* **Exercise brief**:
Without any pictures, retype exactly the lines that begin at the one holding "在世界环境日的主题宣传活动中" and end at the last line of the data below.

* **Data**:
-.-.-
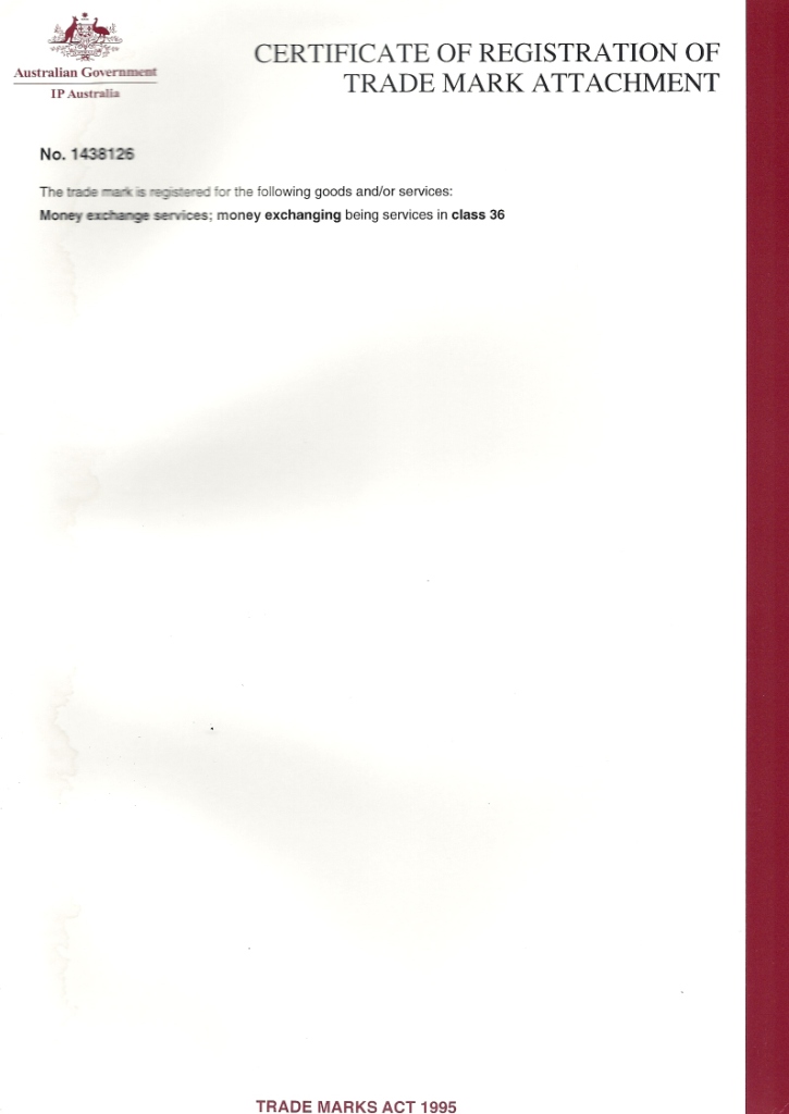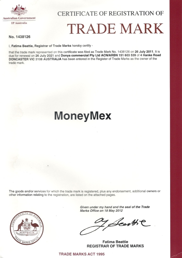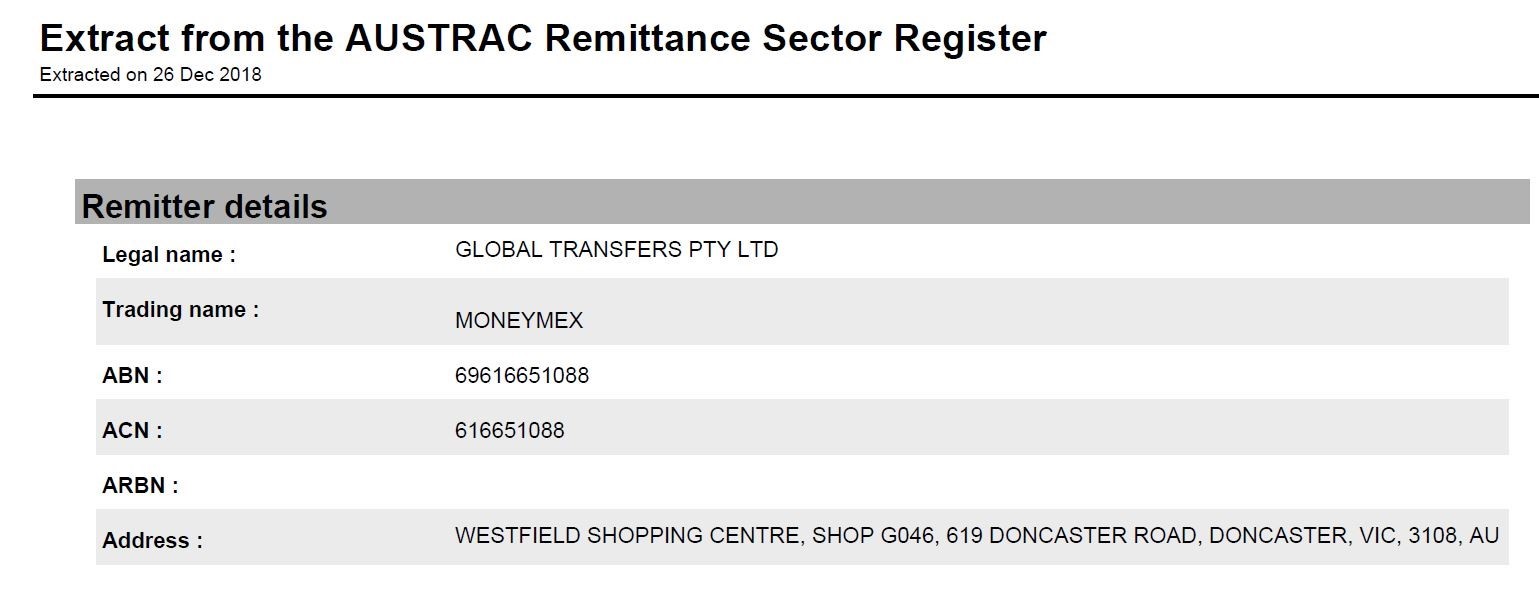 گروه صرافی مانیمکس با نام تجاری Global Transfers Pty Ltd در کشور استرالیا به ثبت رسیده و دارای شمارههای ثبت ABN: 69616651088 و ACN: 616651088 میباشد. این مجموعه همچنین دارای مجوزهای رسمی از آسترک با شمارههای IND100534335-001 و DCE100534335-001 است.
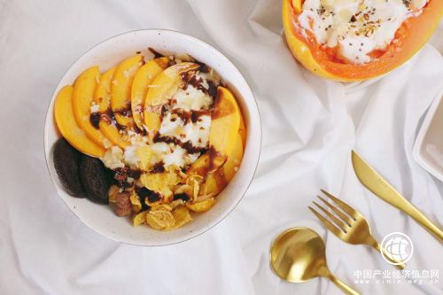 希腊酸奶1碗、黄桃半个、奥利奥2个、
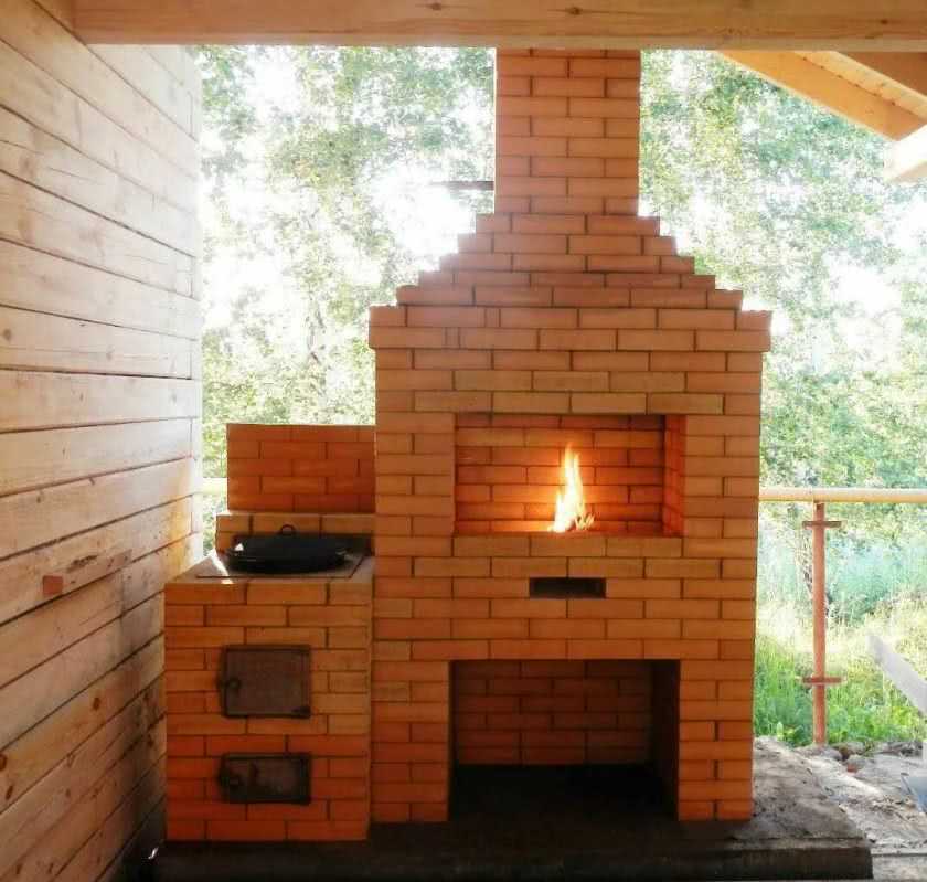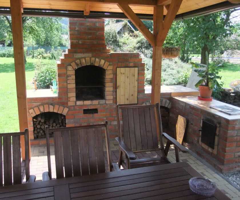 Внимание! Описанная конструкция барбекю подразумевает ее установку в качестве одной из стенок летней кухни или беседки, либо под навесом
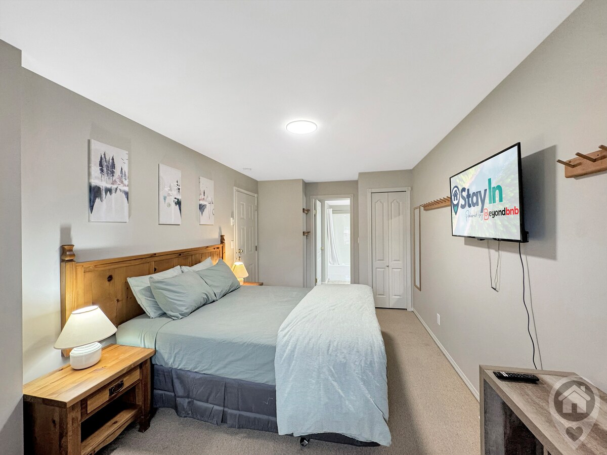 Have fun with the whole family at our one-bedroom suite in the Silver Rock Condos. The suite has a fully stocked kitchen, fireplace, cruiser bikes, and cozy patio with a BBQ. A queen bed and full sofa bed with a memory foam mattress. High speed internet service is perfect for working remotely. Netflix, Amazon Prime, Disney Plus 55 inch 4K tv are included, in addition to the on-site pool, steam room, outdoor hot tub, fitness room. Free heated underground parking with additional outdoor parking.
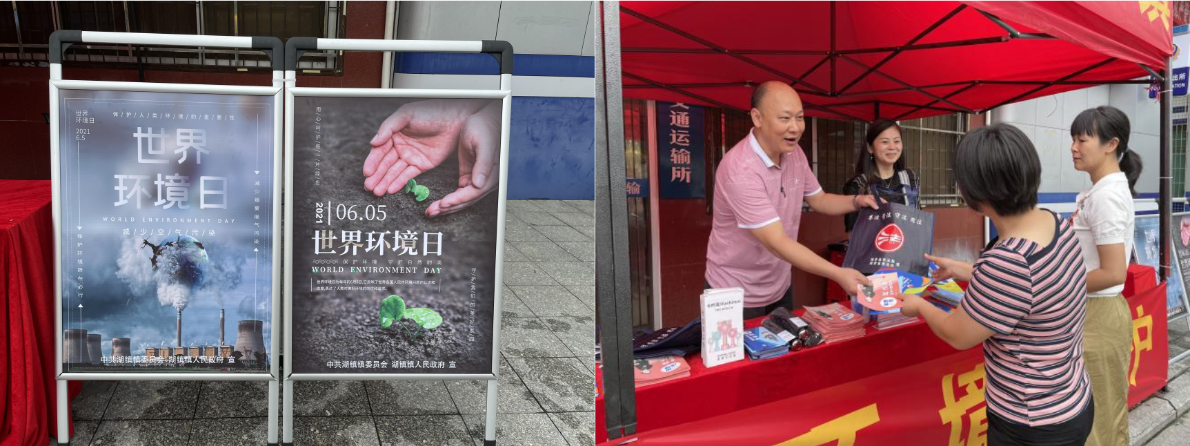 在世界环境日的主题宣传活动中,湖镇镇紧紧围绕“人与自然和谐共生”,通过悬挂宣传标语、张贴海报、发放环保宣传册、环保小知识有奖问答等方式开展了环保宣传活动。镇委副书记、镇长刘伟荣、镇委委员张子良一同参加活动。
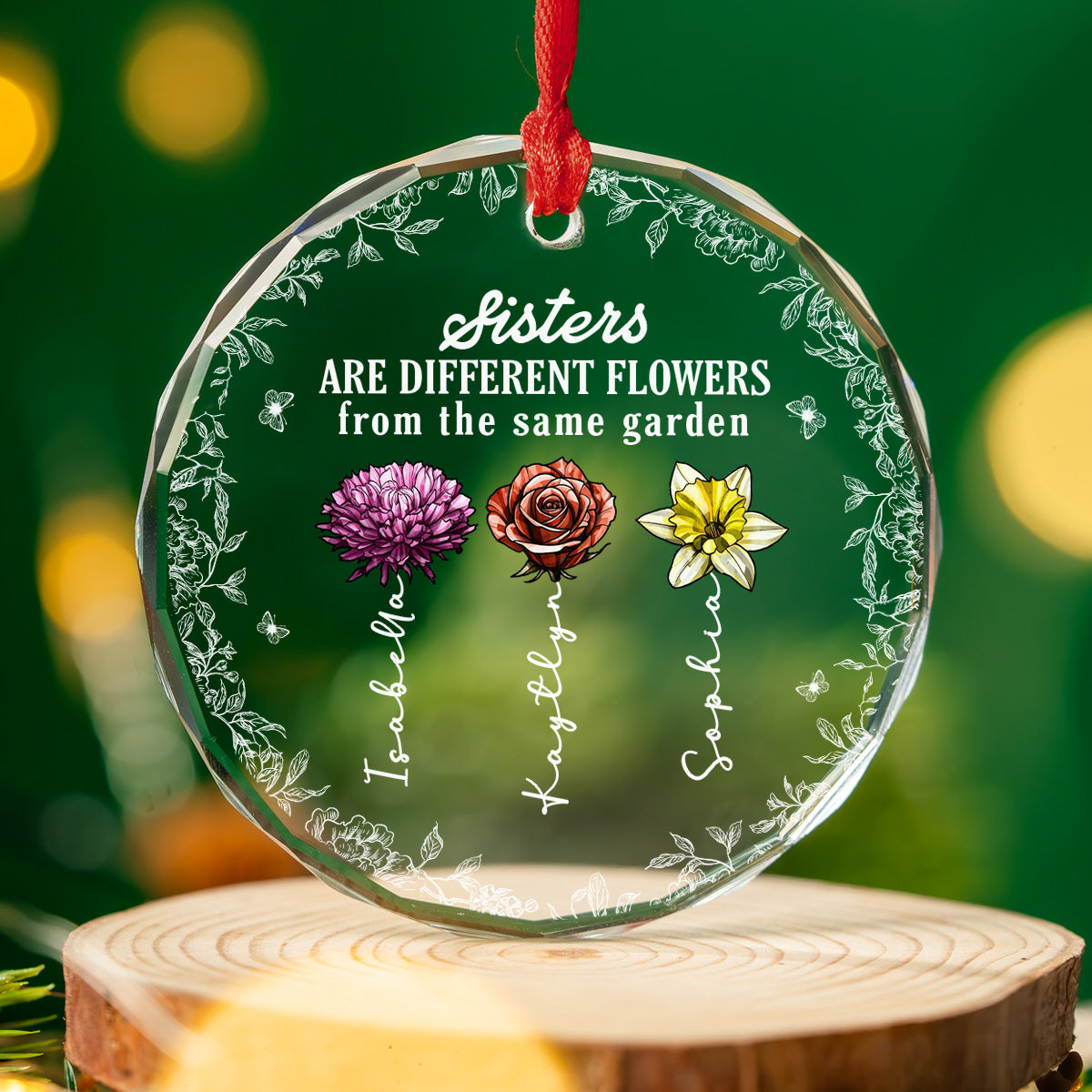 Sisters Grow Stronger Through Love - Personalized Custom Glass Ornament
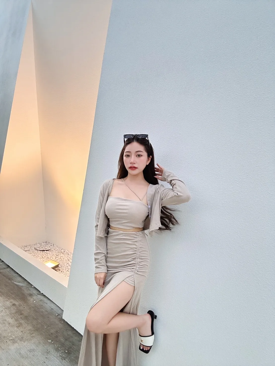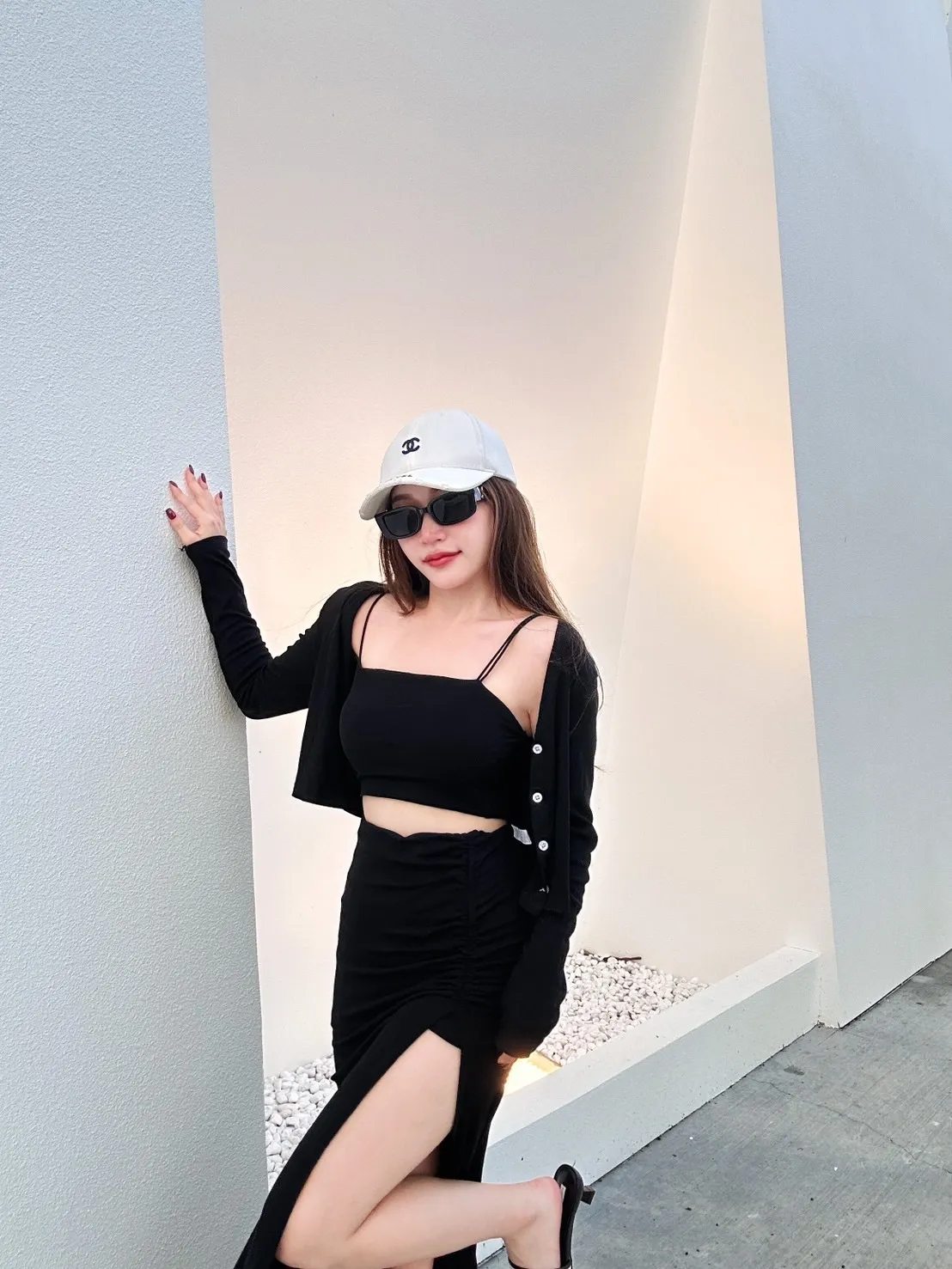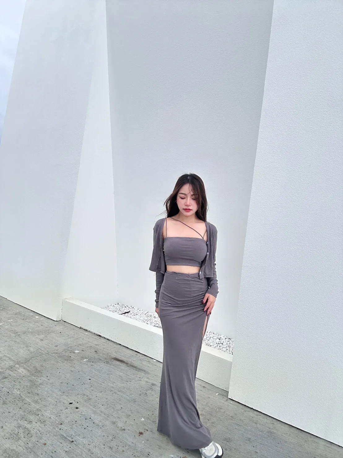 斜肩性感背心兩件套+高腰開衩抓皺長裙套裝L3886
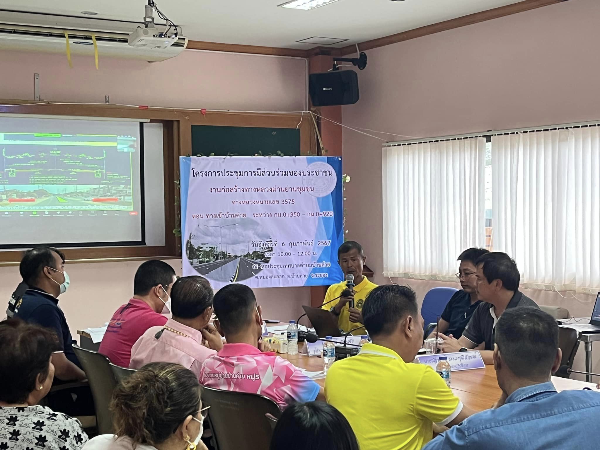 วันอังคารที่ 6 กุมภาพันธ์ 2567 เวลา 10.00 น. นายสุชาติ เชาวน์เสฏฐกุล ผู้อำนวยการแขวงทางหลวงระยอง? พร้อมเจ้าหน้าที่ จัดประชุมการมีส่วนร่วมของประชาชนเพื่อรับฟังความคิดเห็นฯ โครงการก่อสร้างทางหลวงผ่านย่านชุมชน ทางหลวงหมายเลข 3575 ตอน ทางเข้าบ้านค่าย ระหว่าง กม.0+350 - กม.0+920 โดยมี นายสุทธิพงศ์ ทองส่องแสง นายกเทศมนตรีตำบลบ้านค่าย เป็นประธานในพิธีเปิดการประชุมฯ ณ ห้องประชุมเทศบาลตำบลบ้านค่าย
-.-.-
* **Solution for this task**:
 在世界环境日的主题宣传活动中,湖镇镇紧紧围绕“人与自然和谐共生”,通过悬挂宣传标语、张贴海报、发放环保宣传册、环保小知识有奖问答等方式开展了环保宣传活动。镇委副书记、镇长刘伟荣、镇委委员张子良一同参加活动。
 Sisters Grow Stronger Through Love - Personalized Custom Glass Ornament
 斜肩性感背心兩件套+高腰開衩抓皺長裙套裝L3886
 วันอังคารที่ 6 กุมภาพันธ์ 2567 เวลา 10.00 น. นายสุชาติ เชาวน์เสฏฐกุล ผู้อำนวยการแขวงทางหลวงระยอง? พร้อมเจ้าหน้าที่ จัดประชุมการมีส่วนร่วมของประชาชนเพื่อรับฟังความคิดเห็นฯ โครงการก่อสร้างทางหลวงผ่านย่านชุมชน ทางหลวงหมายเลข 3575 ตอน ทางเข้าบ้านค่าย ระหว่าง กม.0+350 - กม.0+920 โดยมี นายสุทธิพงศ์ ทองส่องแสง นายกเทศมนตรีตำบลบ้านค่าย เป็นประธานในพิธีเปิดการประชุมฯ ณ ห้องประชุมเทศบาลตำบลบ้านค่าย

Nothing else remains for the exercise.